The question is to show that $\mathrm{Fix}(H) = G/H$.

My attempts so far keep getting to the point where I need to show that H is normal. However, the next part of the question is to show that H is normal so I'm obviously going wrong somewhere. In the previous parts of the question I have shown that $\mathrm{Stab}(gH) = H \cap gHg^{-1}$ and $H \in \mathrm{Fix}(H)$. Any help would be much appreciated.

Answer 1

My answer builds up from the hint that user297024 gave, which is crucial in my opinion. The "previous part of the question" that you proved $H \in \operatorname{Fix}(x)$ will be needed to finish my proof. I will assume that the Orbit-Stabilizer Theorem can be used.

By the Orbit-Stabilizer Theorem for any element $x$ of a set $X$ acted by $H$, we have:

$$ |H| = |\operatorname{Stab}(x)|. |\operatorname{Orb}(x)| $$

As $|H| = p$ is a prime number, that leaves either $(|Stab(x)| ; |Orb(x)|)$ to be $(1;p)$ or $(p;1)$. In other words, either $\operatorname{Stab}(x) = H$ or $\operatorname{Stab}(x) = {id}$.

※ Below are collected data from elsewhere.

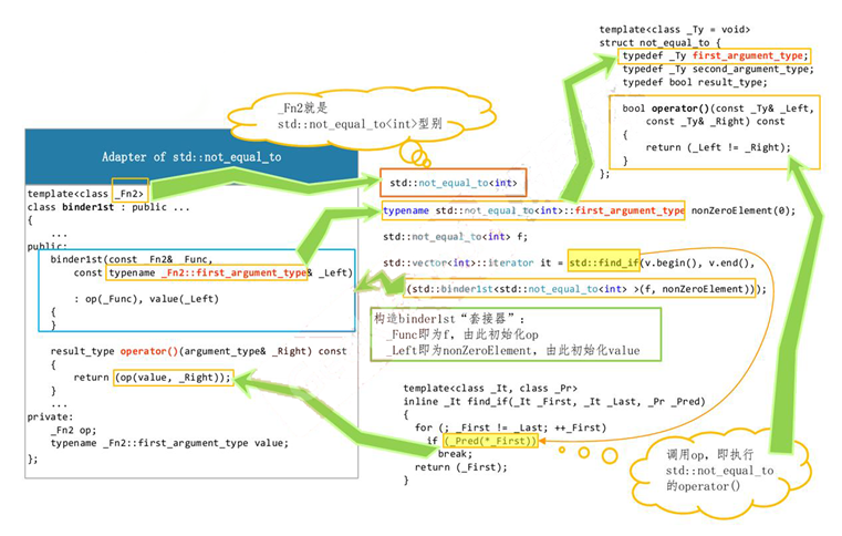然而,not_equal_to()(const T& a,const T&b),并不能接受一个参数;find_if()又是向最后一个函数对象直接给予一个引用作为参数,所以无法编译通过。为此使用binder1st来把其中的一个参数固定下来。 从下图可以了解到一些实现细节:
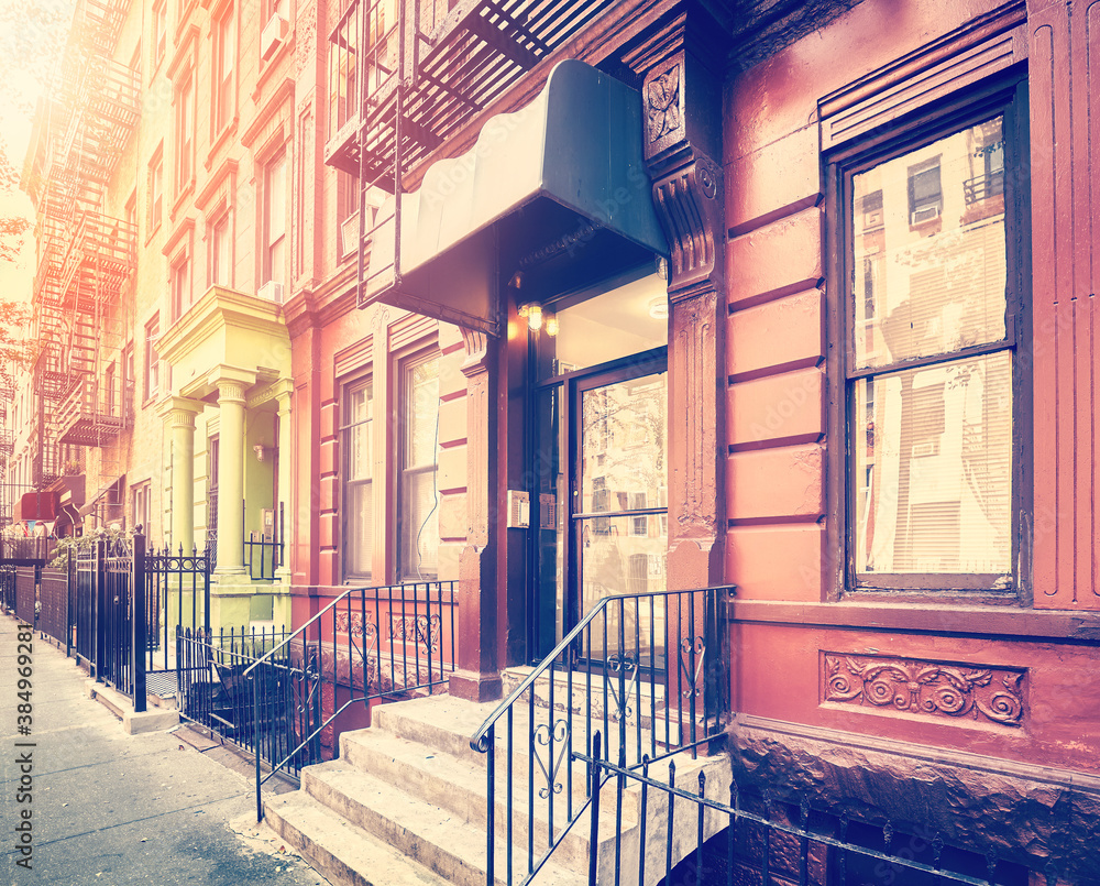 Color toned picture of a street in New York Hells Kitchen neighborhood, USA.
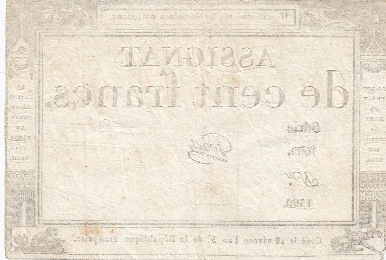 Billet France 100 Francs - 18 Nivose An III - (07.01.1795) - Sign. Godet - L.173 - Série 1692
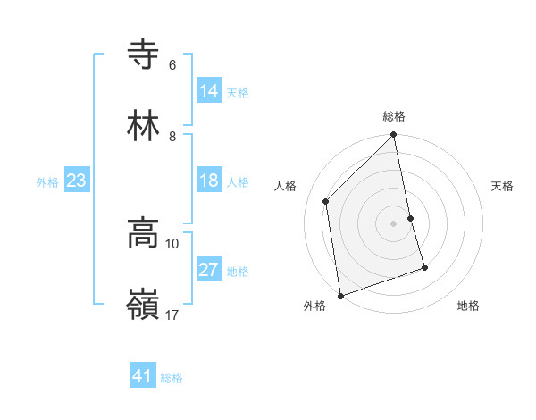 寺林 高嶺さんを姓名の画数から五運を鑑定
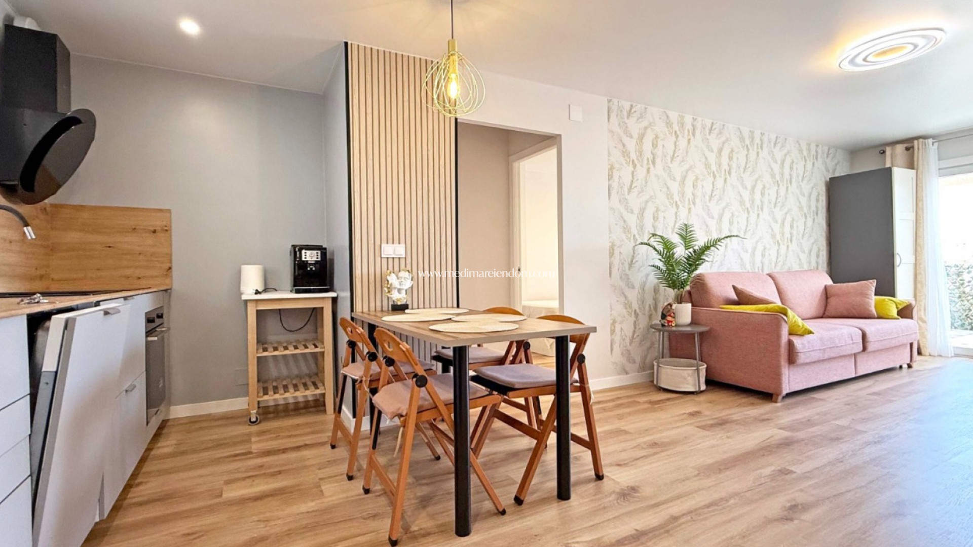 Gå inn i kystlivet med denne vakkert renoverte 1-roms toppleiligheten, perfekt plassert kun 200 meter fra den gylne sanden på Acequión-stranden i Torrevieja. Denne lyse og moderne leiligheten ligger i 5. etasje, og har en romslig sørvendt terrasse med fantastisk havutsikt - det perfekte stedet å slikke sol hele året. Interiøret har blitt smakfullt renovert, med en moderne åpen planløsning, et elegant bad og et koselig soverom med innebygd oppbevaring. Enten du leter etter en ferietur, en utleieinvestering eller et lite vedlikeholdshus ved sjøen, merker denne eiendommen av i alle boksene. Nyt den uslåelige beliggenheten, kun en kort spasertur fra promenaden, lokale kafeer, butikker og alle fasiliteter.

We will prove this by contradiction. Suppose $H$ does not fix the whole set $X$: $\exists x_{1} \neq x_{2} \in X$ such that $\operatorname{Stab}(x_{1}) = H$ but $\operatorname{Stab}(x_{2}) = id$.

This implies that $\operatorname{Orb}(x_{2}) = X$ - every element in X can be "matched" from $x_{2}$ by some element of $H$, including $x_{1} \in X$. (Note that this statement is only valid if $|X|=|H|=p$.)

Therefore, $\exists h \in H$ such that: $$ h * (x_{2}) = x_{1} $$

As $h \in H$, then also $h^{-1} \in H.$ Consider the following: $$ (h^{-1}h) * x_{2} = id * x_{2} = x_{2} $$ by the definition of a group action. But $$ h^{-1} * (h * x_{2}) = h^{-1} * x_{1} = x_{1} $$ by the way we construct $x_{1}$.

This leads to a violation of the definition of a group action. Therefore either $H$ fixes the whole set $X$ or $H$ does not fix anything in $X$. Now in the context of the problem, $X = G/H$ with exactly $$ |X|=|G/H|= \frac{|G|}{|H|}=\frac{p^{2}}{p}=p $$ by Lagrange's Theorem, and we know for a fact that $H$ is a coset of $G/H$. So using the result $H \in \operatorname{Fix}(H)$, that means every other cosets must be fixed by $H$. This completes the proof $\operatorname{Fix}(H) = G/H.$

Answer 2

The orbit equation reads: $$|G/H|=\left|\operatorname{Fix}(H)\right|+\sum_i[H:\operatorname{Stab}(g_iH)]$$ where the $g_iH$'s are representatives of the non-sigleton orbits, necessarily each of size $p$ (orbit-stabilizer). But since $|G/H|=p$ and $\left|\operatorname{Fix}(H)\right|\ge1$ (as $H\in \operatorname{Fix}(H)$), the set of such representatives must be empty, and hence $$|G/H|=\left|\operatorname{Fix}(H)\right|$$ namely $$\operatorname{Fix}(H)=G/H$$